(What you have to do): An exact copy of the lines of the listing below between the "Clock has numerous rust spots." line and the "Glamourous beige joggers" line, both included, is the whole answer; please omit the pictures.

(Data excerpts):
####################

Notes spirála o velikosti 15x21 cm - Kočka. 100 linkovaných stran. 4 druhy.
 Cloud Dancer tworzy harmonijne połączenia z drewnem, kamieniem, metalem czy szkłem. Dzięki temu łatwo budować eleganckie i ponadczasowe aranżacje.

####################

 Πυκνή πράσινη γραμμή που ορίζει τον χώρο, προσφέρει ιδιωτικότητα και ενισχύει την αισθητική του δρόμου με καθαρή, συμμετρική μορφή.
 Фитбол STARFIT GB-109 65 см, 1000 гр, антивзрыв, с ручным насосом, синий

####################

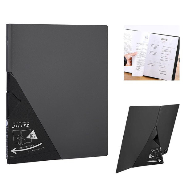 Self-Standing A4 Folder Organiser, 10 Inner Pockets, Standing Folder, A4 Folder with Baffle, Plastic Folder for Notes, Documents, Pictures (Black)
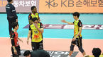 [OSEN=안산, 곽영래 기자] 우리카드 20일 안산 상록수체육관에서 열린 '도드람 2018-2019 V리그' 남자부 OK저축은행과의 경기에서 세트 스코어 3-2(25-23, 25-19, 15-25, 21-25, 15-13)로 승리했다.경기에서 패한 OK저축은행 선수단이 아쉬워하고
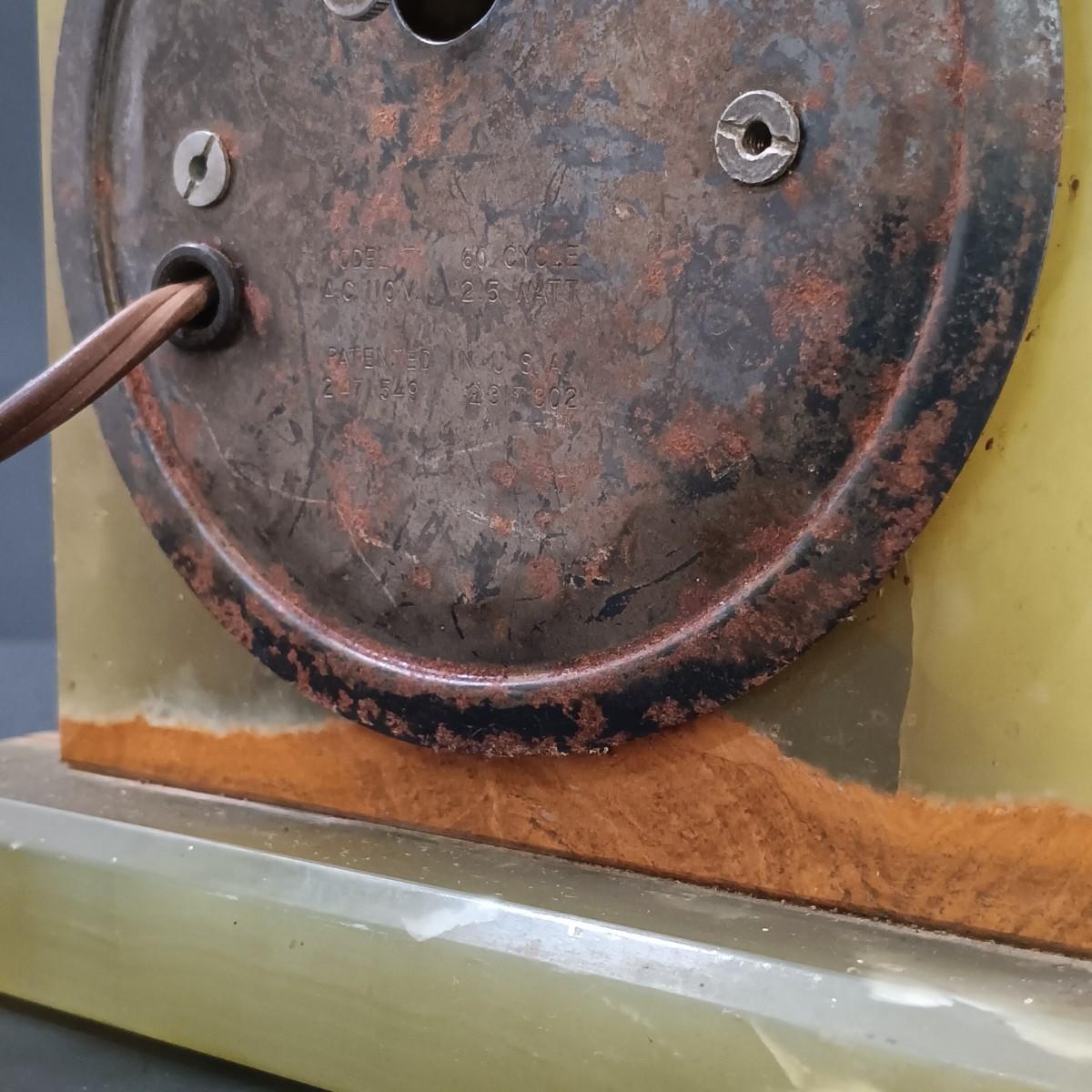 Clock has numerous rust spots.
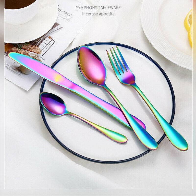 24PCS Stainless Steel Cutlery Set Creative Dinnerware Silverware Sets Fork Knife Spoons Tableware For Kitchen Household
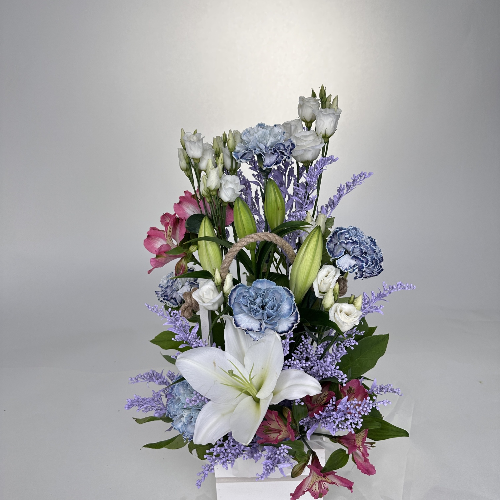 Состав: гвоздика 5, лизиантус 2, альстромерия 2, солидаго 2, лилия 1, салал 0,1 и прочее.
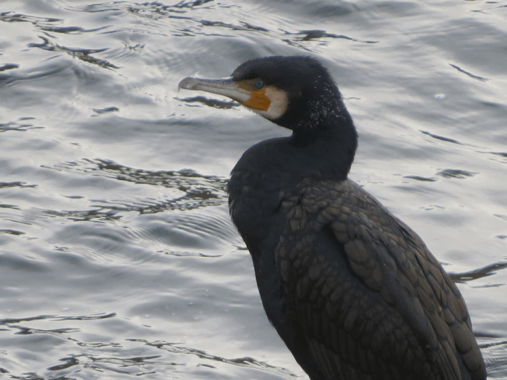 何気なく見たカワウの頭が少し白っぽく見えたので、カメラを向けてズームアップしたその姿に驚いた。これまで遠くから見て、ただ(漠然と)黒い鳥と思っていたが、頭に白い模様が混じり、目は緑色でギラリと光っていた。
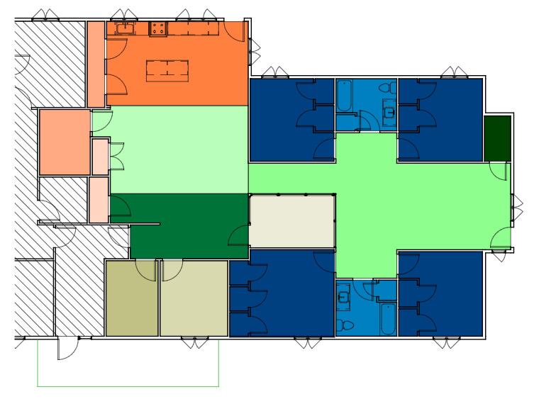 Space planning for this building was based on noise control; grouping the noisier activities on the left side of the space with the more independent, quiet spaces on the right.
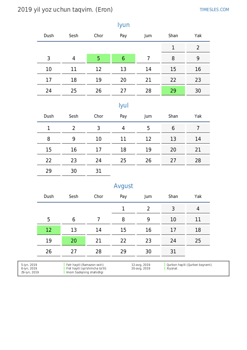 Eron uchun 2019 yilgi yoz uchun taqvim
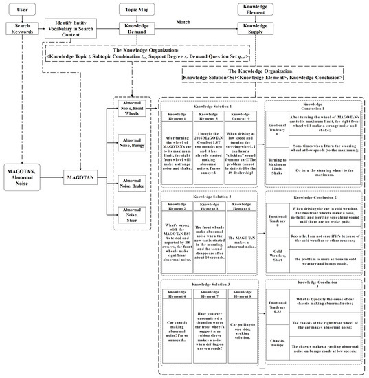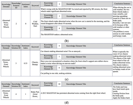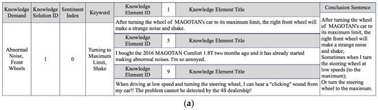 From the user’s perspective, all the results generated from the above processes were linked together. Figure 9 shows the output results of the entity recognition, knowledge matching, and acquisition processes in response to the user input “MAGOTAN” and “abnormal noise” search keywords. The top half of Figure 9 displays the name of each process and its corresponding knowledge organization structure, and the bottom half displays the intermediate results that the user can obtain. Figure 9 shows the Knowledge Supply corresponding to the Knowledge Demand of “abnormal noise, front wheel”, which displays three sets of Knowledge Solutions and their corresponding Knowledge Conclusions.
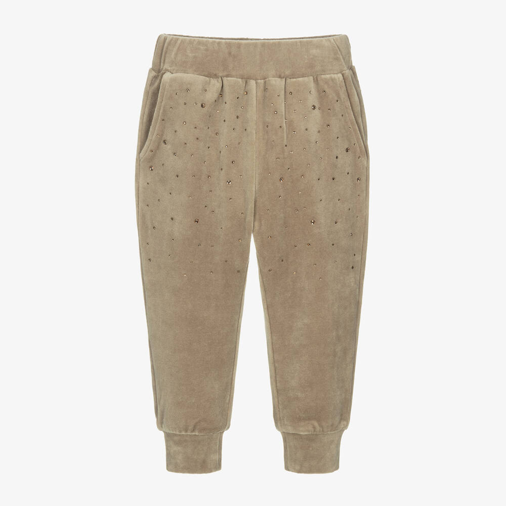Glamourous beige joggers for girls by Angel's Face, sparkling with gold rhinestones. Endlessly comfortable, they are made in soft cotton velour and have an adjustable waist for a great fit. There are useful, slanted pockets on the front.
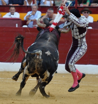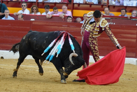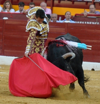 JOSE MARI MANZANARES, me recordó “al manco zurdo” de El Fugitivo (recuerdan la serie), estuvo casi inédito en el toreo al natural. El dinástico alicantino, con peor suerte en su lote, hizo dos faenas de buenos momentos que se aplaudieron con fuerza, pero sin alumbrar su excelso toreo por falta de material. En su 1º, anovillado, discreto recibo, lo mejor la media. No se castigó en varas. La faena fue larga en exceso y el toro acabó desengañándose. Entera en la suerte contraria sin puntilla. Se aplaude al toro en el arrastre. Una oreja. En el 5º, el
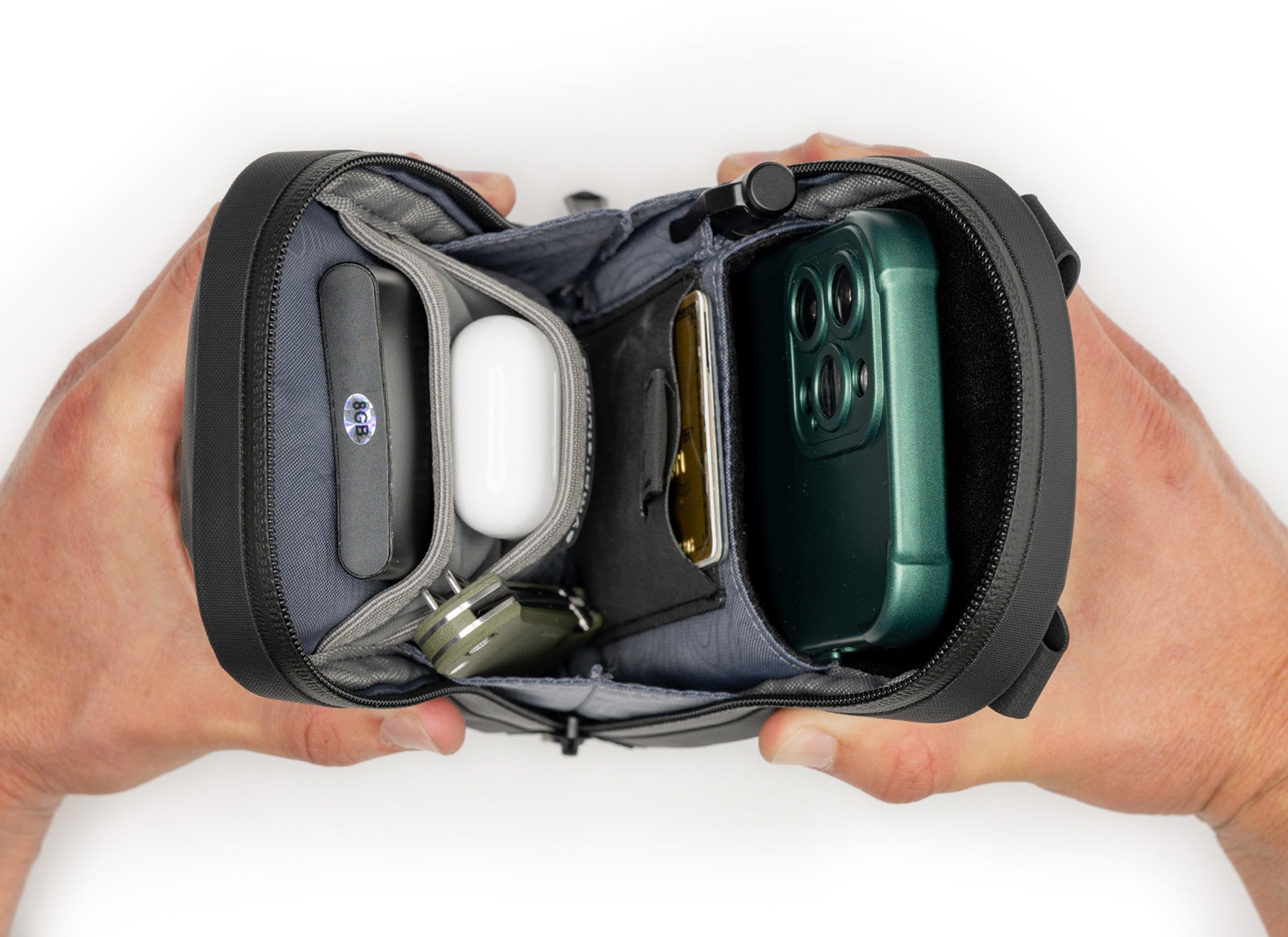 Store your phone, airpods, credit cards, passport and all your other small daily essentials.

####################

(Response):
 Clock has numerous rust spots.
 24PCS Stainless Steel Cutlery Set Creative Dinnerware Silverware Sets Fork Knife Spoons Tableware For Kitchen Household
 Состав: гвоздика 5, лизиантус 2, альстромерия 2, солидаго 2, лилия 1, салал 0,1 и прочее.
 何気なく見たカワウの頭が少し白っぽく見えたので、カメラを向けてズームアップしたその姿に驚いた。これまで遠くから見て、ただ(漠然と)黒い鳥と思っていたが、頭に白い模様が混じり、目は緑色でギラリと光っていた。
 Space planning for this building was based on noise control; grouping the noisier activities on the left side of the space with the more independent, quiet spaces on the right.
 Eron uchun 2019 yilgi yoz uchun taqvim
 From the user’s perspective, all the results generated from the above processes were linked together. Figure 9 shows the output results of the entity recognition, knowledge matching, and acquisition processes in response to the user input “MAGOTAN” and “abnormal noise” search keywords. The top half of Figure 9 displays the name of each process and its corresponding knowledge organization structure, and the bottom half displays the intermediate results that the user can obtain. Figure 9 shows the Knowledge Supply corresponding to the Knowledge Demand of “abnormal noise, front wheel”, which displays three sets of Knowledge Solutions and their corresponding Knowledge Conclusions.
Glamourous beige joggers for girls by Angel's Face, sparkling with gold rhinestones. Endlessly comfortable, they are made in soft cotton velour and have an adjustable waist for a great fit. There are useful, slanted pockets on the front.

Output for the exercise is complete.